- [PROBLEM TO WORK ON]: Find the line with "Este lunes luego" in the data below. Repeat it and every line after it exactly, but not the pictures.

*** Opening AVAILABLE DATA ***

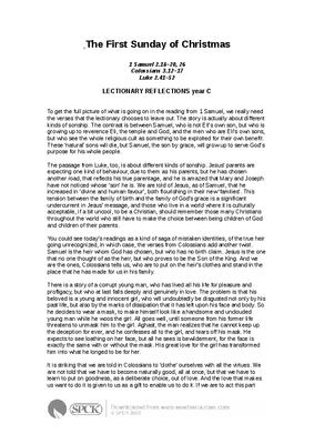 The passage from Luke, too, is about different kinds of sonship. Jesus’ parents are expecting one kind of behaviour, due to them as his parents, but he has chosen another road, that reflects his true parentage, and he is amazed that Mary and Joseph have not noticed whose ‘son’ he is. We are told of Jesus, as of Samuel, that he increased in ‘divine and human favour’, both flourishing in their new ‘families’. This tension between the family of birth and the family of God’s grace is a significant undercurrent in Jesus’ message, and those who live in a world where it is culturally acceptable, if a bit uncool, to be a Christian, should remember those many Christians throughout the world who still have to make the choice between being children of God and children of their parents...
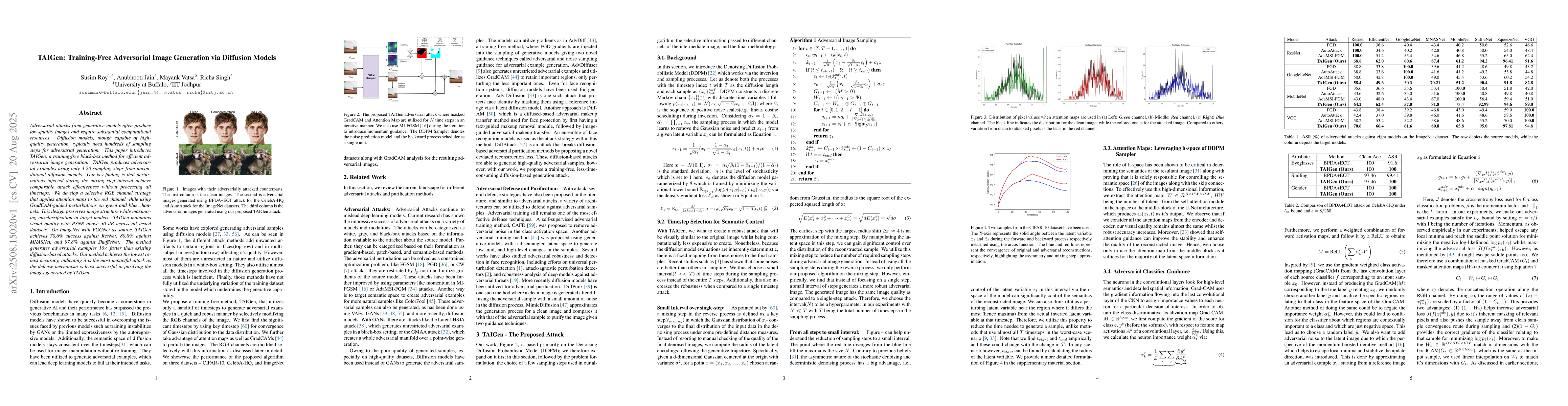 Adversarial attacks from generative models often produce low-quality images and require substantial computational resources. Diffusion models, though capable of high-quality generation, typically need hundreds of sampling steps for adversarial generation. This paper introduces TAIGen, a training-free black-box method for efficient adversarial image generation. TAIGen produces adversarial examples using only 3-20 sampling steps from unconditional diffusion models. Our key finding is that perturbations injected during the mixing step interval achieve comparable attack effectiveness without processing all timesteps. We develop a selective RGB channel strategy that applies attention maps to the red channel while using GradCAM-guided perturbations on green and blue channels. This design preserves image structure while maximizing misclassification in target models. TAIGen maintains visual quality with PSNR above 30 dB across all tested datasets. On ImageNet with VGGNet as source, TAIGen achieves 70.6% success against ResNet, 80.8% against MNASNet, and 97.8% against ShuffleNet. The method generates adversarial examples 10x faster than existing diffusion-based attacks. Our method achieves the lowest robust accuracy, indicating it is the most impactful attack as the defense mechanism is least successful in purifying the images generated by TAIGen.
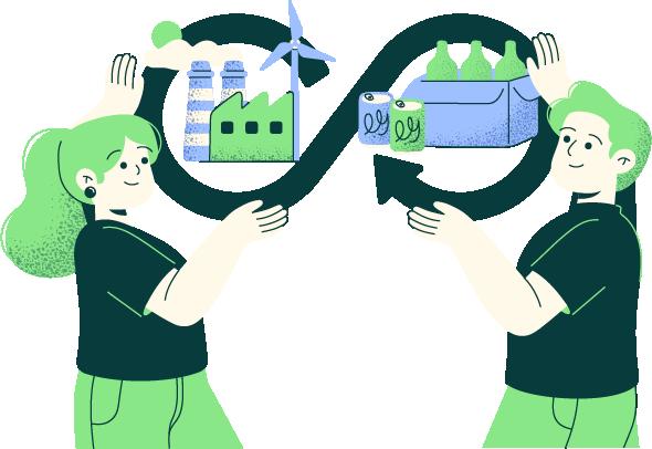 El sistema de economía circular comenzó con la industria y los clústeres, impulsando "cadenas de economía circular" donde una empresa ancla invita a proveedores, clientes o asociados a proponer iniciativas.
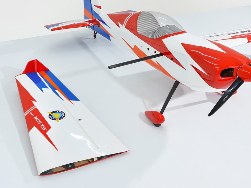 Holz/Carbon-Konstruktion mit enorm hohen Vorfertigungsgrad Das Modell ist in extrem leichter und verstärkter Holz- und Carbonbauweise gefertigt. Die lasergeschnittene Struktur sorgt für maximale Festigkeit bei minimalem Gewicht. Der hohe Vorfertigungsgrad reduziert den Bauaufwand nahezu auf den Einbau von Antrieb und Elektronik. Unter der großen, abnehmbaren Kabinenhaube befindet sich reichlich Platz für Elektronik, Akku oder Tank. Die Slick ist komplett mit Folie bespannt und besitzt eine lackierte GfK-Motorhaube.
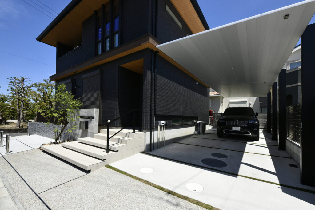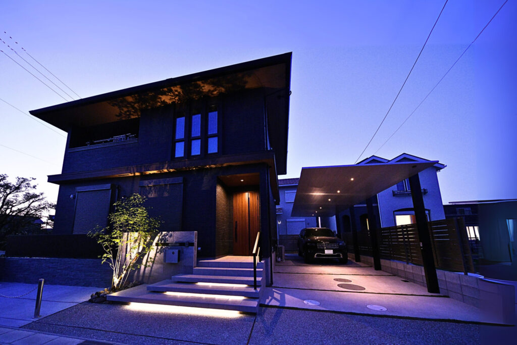 夜景まで美しい ブラック×タイルの洗練エクステリア
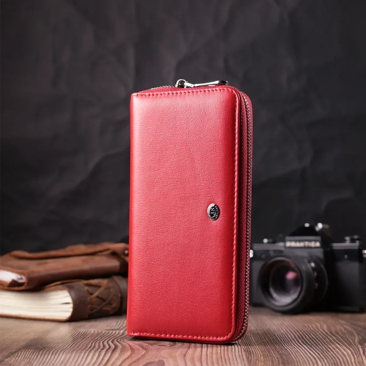 Стильный кошелек-клатч для женщин на одно отделение из натуральной кожи ST Leather 22561 Красный
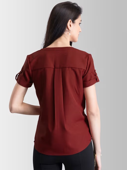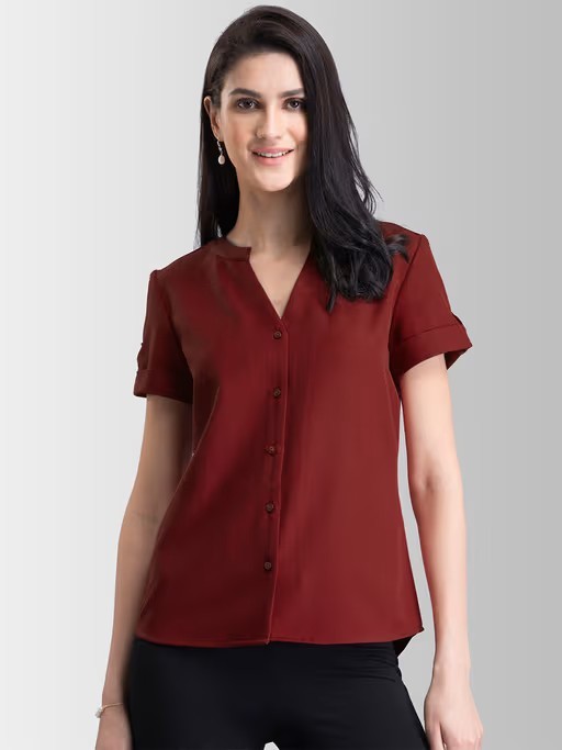 Get hold of a refreshing look by donning this delicate look from FableStreet. This red top has a V neck, anti-gape buttons and short sleeves with faux button details. Designed from polyester moss, it's immensely soft, stretchable, anti-wrinkle and anti-pill. Add some flair to this look with slouchy or mom-fit denim pants and white sneakers.
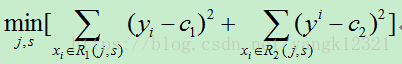 其中c1,c2分别为R1,R2区间内的输出平均值。(此处与统计学习课本上的公式有所不同,在课本中里面的c1,c2都需要取最小值,但是,在确定的区间中,当c1,c2取区间输出值的平均值时其平方会达到最小,为简单起见,故而在此直接使用区间的输出均值。
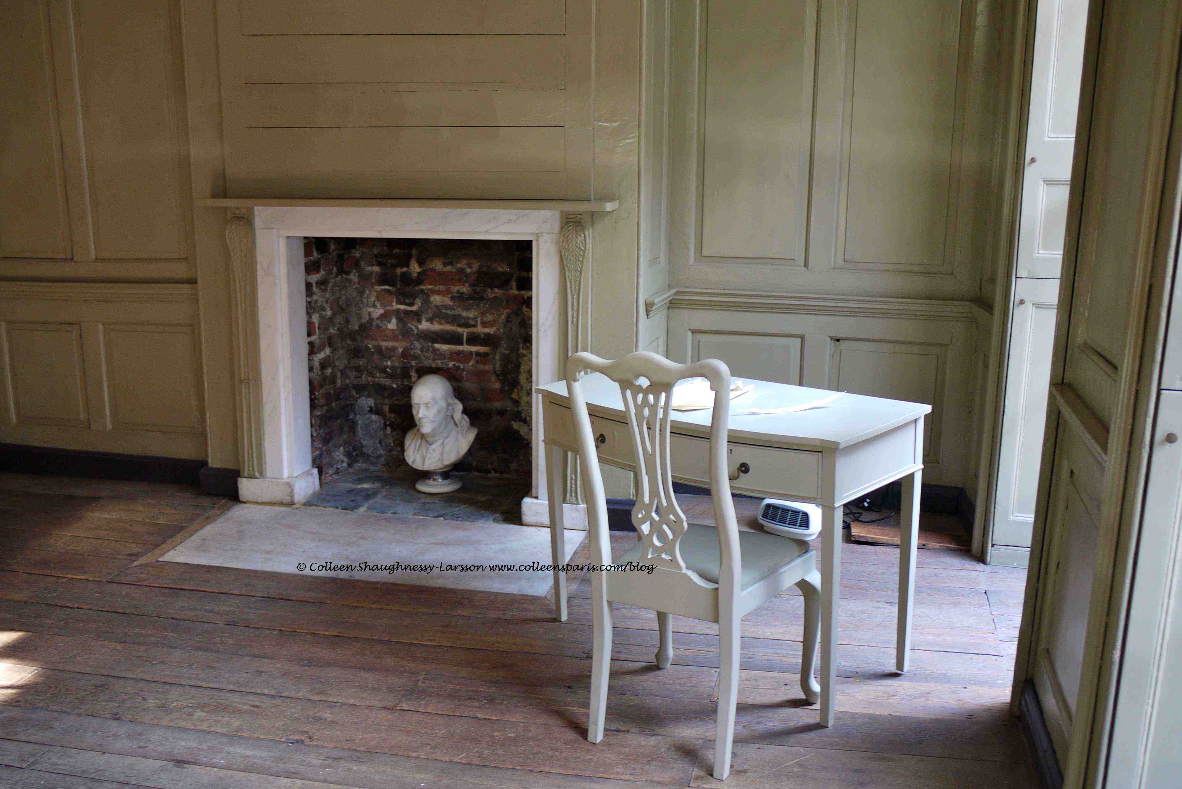 eccentricities and of the survival of this little house through the shifting of the Thames embankment, railroad station construction, war, and redevelopment. An unexploded World War II bomb that dropped shattered all of the original windows, but left the shutters, floorboards, walls, fireplaces and stoves intact. When I returned home, I pulled down from the shelf “The First American: The Life and Times of Benjamin Franklin” reviewing the numerous passages relating to his acquaintances with Mrs. Stevenson and Polly Hewson and his London stay. This house, a de facto embassy at the time, is to be admired for its historical symbolism and interior architecture and not for its furnishings. Playing the “Glass Armonica” on the architecture tour was a new and fun experience.
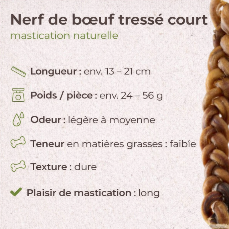 Le nerf de bœuf tressé court est une friandise naturelle à mâcher, particulièrement pauvre en matières grasses. Il est composé à 100 % de bœuf séché, sans conservateurs ni additifs artificiels.
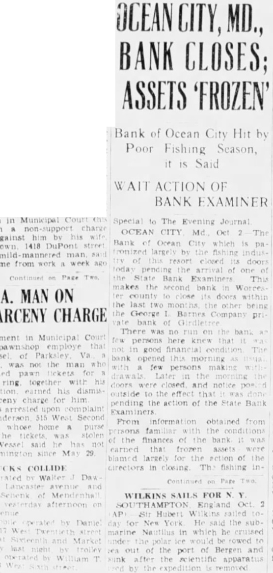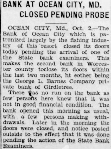 OCEAN CITY, Md., Oct. Bank of Ocean City which tronized largely by the fishing industry of this resort closed its doors today pending the arrival of of the State bank examiners. This makes the second bank in Worcester county toclose its doors within the last two months, ht eother being the George Barnes Company pribank of Girdletree. There no run on the bank few persons here knew that it in good financial condition. The bank opened this morning as usual, with making withdrawals. Later in the morning the doors closed, and posted outside to the effect that was done pending the action of the State Bank Examiners.
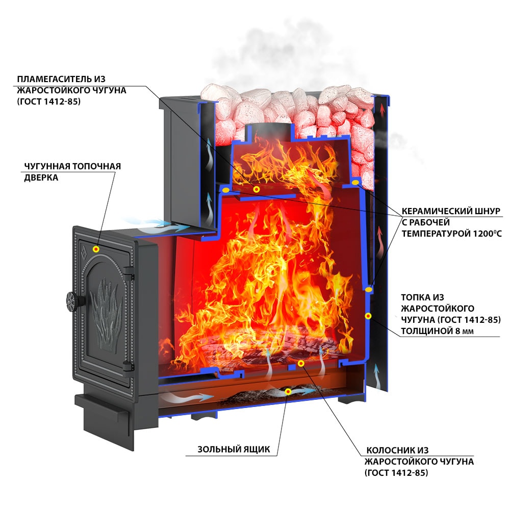 Преимущество печи в том, что топка печи состоит из 3-х элементов. На стыке между ними используется керамический шнур с рабочей температурой 1200 градусов. То есть топка печи абсолютно герметична! Для фиксации деталей между собой применяется болтовое соединение, что даёт 100% гарантию безопасности при эксплуатации.
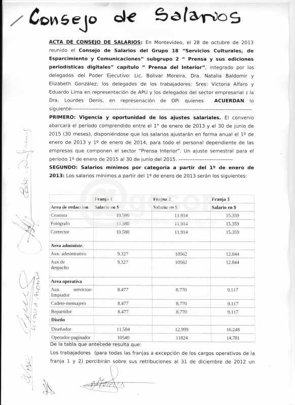 Este lunes luego de meses de discusión entre las patronales nucleadas en OPI (Organización de la Prensa del Interior) y la APU (Asociación de la Prensa Uruguaya) sindicato de los trabajadores de los medios de comunicación, en este caso representado por el Sector Prensa (escrita), se firmó el acuerdo a nivel de Consejo de Salario cuyo resumen cuenta a @gesor la Presidenta del sector a nivel nacional, periodista Victoria Alfaro.
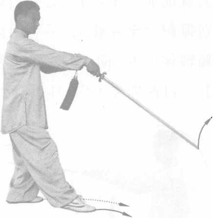 技击用法:侧身闪开对方攻击,上步点击其手腕,使其 器械落地。
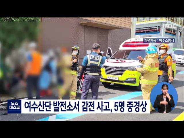 오늘(20) 오전 10시 20분쯤 여수시 월내동 여수산단 내 한 발전소에서 감전 사고가 발생했습니다. 이 사고로 현장 관계자 5명이 중경상을 입었지만 생명엔 지장이 없는 것으로 알려졌습니다. 경찰은 발전소 전기 설비를 점검하던 도중 사고가 난 것으로 보고 정확한 사고 경위를 조사하고 있습니다.///

*** Closing AVAILABLE DATA ***

- [ANSWER TO THIS TASK]:
 Este lunes luego de meses de discusión entre las patronales nucleadas en OPI (Organización de la Prensa del Interior) y la APU (Asociación de la Prensa Uruguaya) sindicato de los trabajadores de los medios de comunicación, en este caso representado por el Sector Prensa (escrita), se firmó el acuerdo a nivel de Consejo de Salario cuyo resumen cuenta a @gesor la Presidenta del sector a nivel nacional, periodista Victoria Alfaro.
 技击用法:侧身闪开对方攻击,上步点击其手腕,使其 器械落地。
 오늘(20) 오전 10시 20분쯤 여수시 월내동 여수산단 내 한 발전소에서 감전 사고가 발생했습니다. 이 사고로 현장 관계자 5명이 중경상을 입었지만 생명엔 지장이 없는 것으로 알려졌습니다. 경찰은 발전소 전기 설비를 점검하던 도중 사고가 난 것으로 보고 정확한 사고 경위를 조사하고 있습니다.///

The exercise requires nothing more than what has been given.